Cool, 2.0ish ways to document a trip along the Oregon Trail? I'll have a camera, a handheld GPS, a laptop, and an 8-year-old.
In June my son and I will be taking a two week trip along the length of the Oregon Trail from Missouri to Oregon. I am a historian of the American West and I have been wanting to do this for years. I have also been playing around with digital history and I want to make the trip into an experiment in using digital technology and web applications to tell a story. I will have a laptop, various cameras, and a handheld GPS unit. I could also buy additional toys as needed. We will mix hotels with camping and I will probably not have internet access every day.
At a minimum I want to put selected photos, writing, and perhaps video online. It would be nice if this was in some sort of sequential format, maybe laid out on a map of the trail. And yet I don’t want to spend a ton of time processing this—I am hoping for something that I can do quickly, spending no more than an hour a night to document the days adventures. I have a Blogger blog devoted to Northwest History and technology, My preference is to use that, or at least build from it.

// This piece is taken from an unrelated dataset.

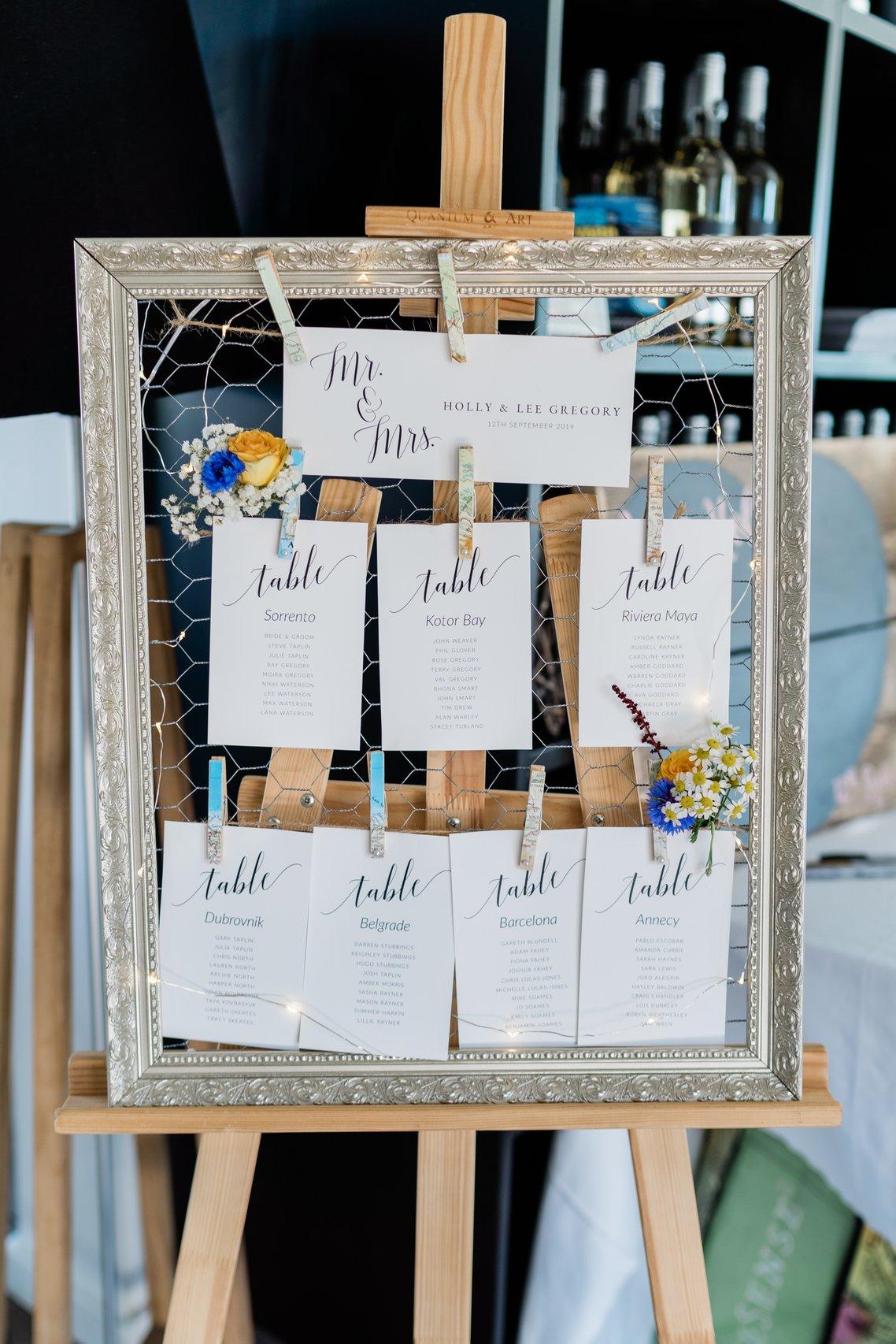 Guests sat at tables named after destinations they'd visited on holiday together, where each got a lovely personalised favour.

What are my options? In addition to blogging I have played around a little with putting
photos in my Picassa Albums into Google Maps and that is fun and fairly easy. I bought a program named Robogeo that is supposed to automatically geotag my photos (you sync the clocks on your camera and GPS unit and feed the data into the program) but can’t get it to work, perhaps because it doesn’t seem to play nice with Magellan products. Right now my plan is to put my best photos into a Picassa Web album, map them, and write a blog entry each day. But I am open to suggestions.
(And I promise to either link whatever I do back here or post it in Projects.)